• [Source material]
· · · ·
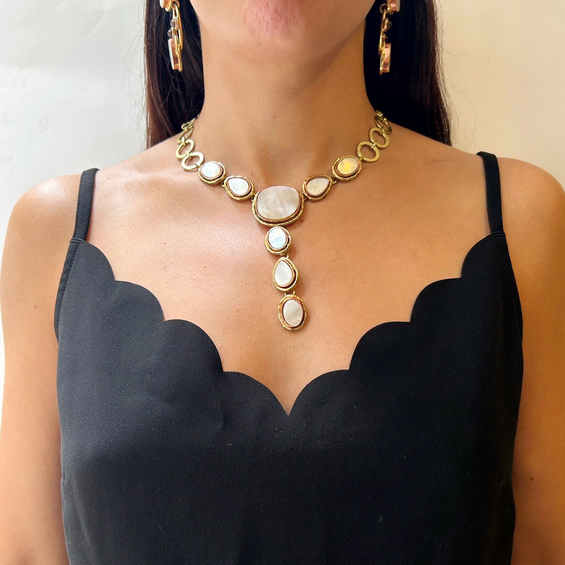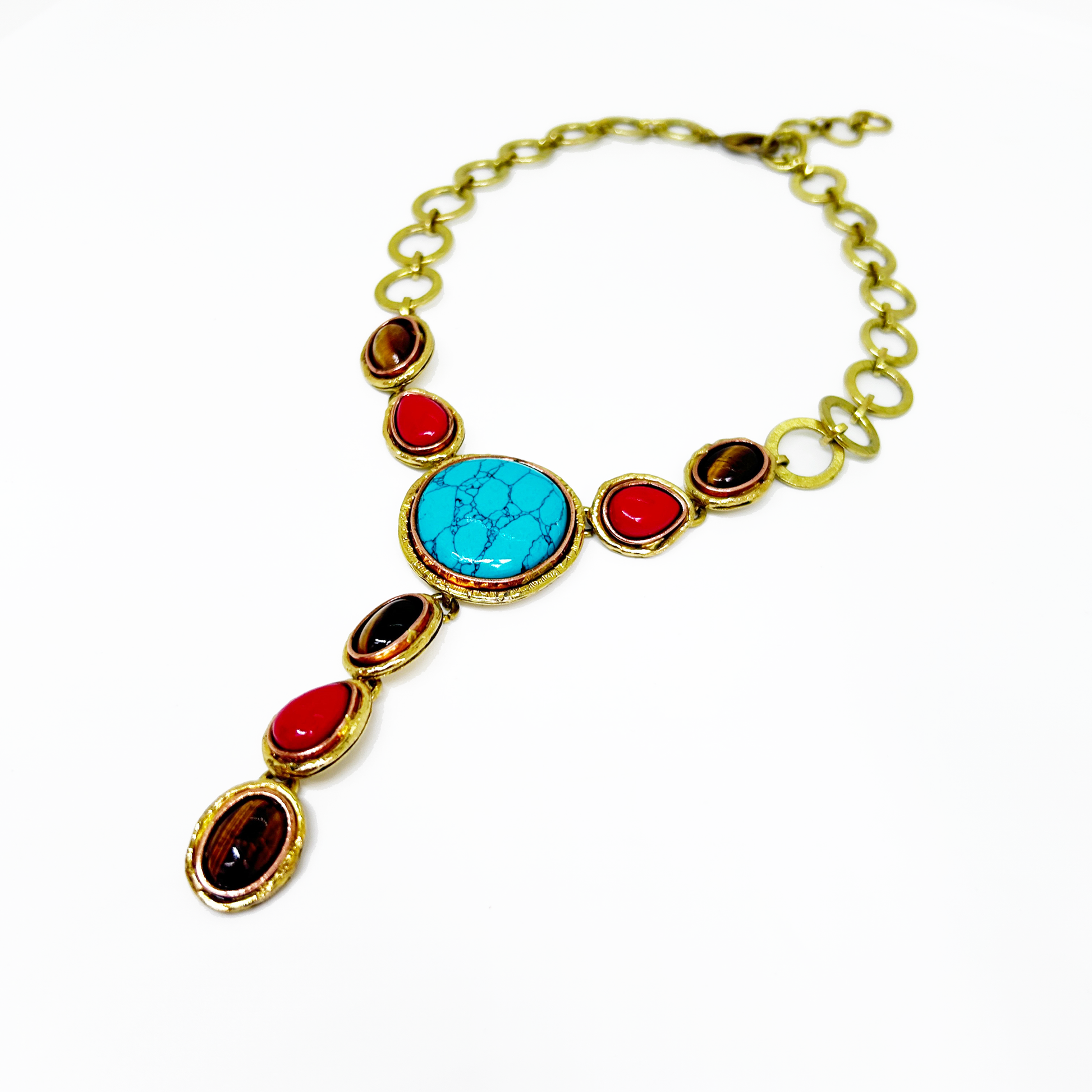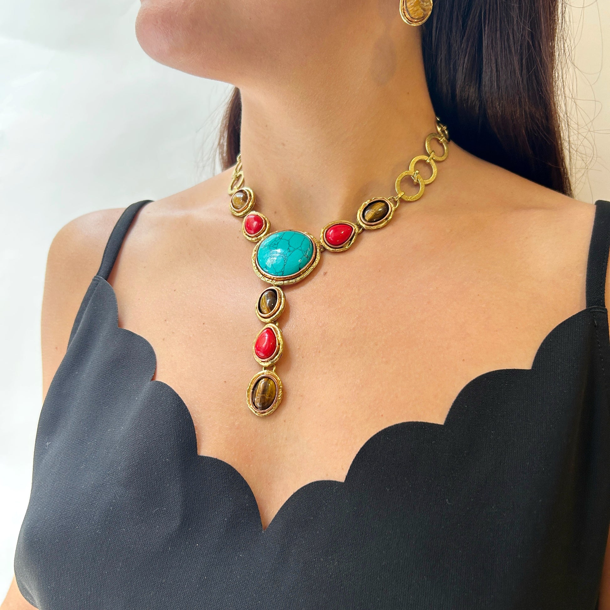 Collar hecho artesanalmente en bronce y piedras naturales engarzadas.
· · · ·
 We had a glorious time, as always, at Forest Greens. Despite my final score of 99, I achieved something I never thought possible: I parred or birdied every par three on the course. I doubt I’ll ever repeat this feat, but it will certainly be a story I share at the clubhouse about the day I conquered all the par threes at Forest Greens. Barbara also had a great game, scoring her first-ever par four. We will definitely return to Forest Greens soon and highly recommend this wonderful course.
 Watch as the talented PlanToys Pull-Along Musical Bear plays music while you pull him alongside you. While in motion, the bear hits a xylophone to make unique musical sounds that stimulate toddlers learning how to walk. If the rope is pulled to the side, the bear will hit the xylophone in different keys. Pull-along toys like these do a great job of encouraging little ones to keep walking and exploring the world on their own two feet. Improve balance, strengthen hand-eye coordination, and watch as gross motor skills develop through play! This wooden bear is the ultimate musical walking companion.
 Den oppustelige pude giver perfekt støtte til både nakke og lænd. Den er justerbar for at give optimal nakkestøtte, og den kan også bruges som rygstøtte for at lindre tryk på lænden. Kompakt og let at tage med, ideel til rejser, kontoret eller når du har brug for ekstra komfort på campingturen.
· · · ·
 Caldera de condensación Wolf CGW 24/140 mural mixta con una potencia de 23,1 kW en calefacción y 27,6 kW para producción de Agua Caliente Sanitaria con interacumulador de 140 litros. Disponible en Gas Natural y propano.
· · · ·
Could you count the lines in the entries that hold the word "great"? Only the number is wanted.

2